Burial at sea came up as an option and this sort of appealed to me in the same way that the aforementioned Viking ceremony appealed, but I can’t help thinking that in years to come we’re going to have millions of half decomposed and barnacle encrusted cadavers washing up on the Spanish Costas ruining everyone’s summer vacation. I did look into the options around this particularly nautical arrangement and I was taken aback as to how reasonable this method of disposal can be. Fully inclusive options that include ten passengers, the MMO burial at sea license, crew, fuel and all the rest of it cost from £2185. I assume that this is not for an actual burial but more of a scattering of the ashes off the coast of Cleethorpes or something. But I may be wrong as a bit more research had me find a “full-body burial at sea”
by New England Burial
At Sea (dot com) costing $7500, including a four to six hour trip on a 65 foot yacht, though a natural burial shroud will set you back another $750. This seems quite reasonable and I’ve been looking as to whether optional extras like water skiing for mourners (avoiding my inevitably floating remains which would add a frisson of slalom-like excitement to the event) and a DJ playing yacht rock are available. Mark this one as a “definitely a possibility if we can’t sort the Viking thing!” people. The process is as follows: Body gets frozen to -196 degrees C, frozen body is vibrated for a bit to disintegrate frozen cells, the frozen gubbins is put in a vacuum chamber and water is removed. Any metal bits like pacemakers, gold teeth, and hip-replacements are sieved out or removed by magnets. Finally, whatever is left is popped inside a container made of potato starch and buried where is decomposes over six to eighteen months, though you can opt to be kept in an urn at home. Not currently widely available given the research I’ve done and so costs are unknown, but most seem to think it will be around the same price as a normal flame-grilled affair.

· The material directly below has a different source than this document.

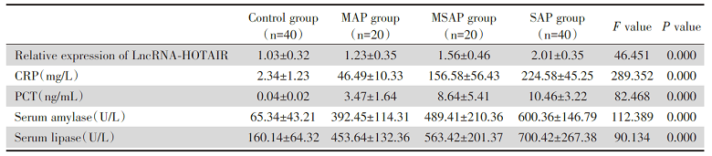 比较四组受试者血清LncRNA-HOTAIR水平及其他炎症相关指标, 如C反应蛋白(C-reaction protein, CRP)、降钙素原(procalcitonin)、淀粉酶、脂肪酶等; 分析血清LncRNA-HOTAIR水平与上述炎症相关指标的关系。评估血清LncRNA-HOTAIR对诊断急性胰腺炎的效能。

Space Burial sounds all a bit silly as all it involves is sending a just a little bit of your remains into space inside a capsule and one of the other methods of properly dealing with the rest of your body will be required to deal with the rest of you. Now, if some enterprising type with space exploration tendencies was to say colonise a planet, build a fleet of spacecraft able to fly up 150 000 dead folk a day to space cemeteries, then I think we are onto a winner here. No problems with pollution (apart from the dozens of rockets a day outputting untold and disastrous amounts of noxious gubbins) and no problems with ground space for the deceased. I like this idea. Come on Mr Bezos, I’m looking at you here!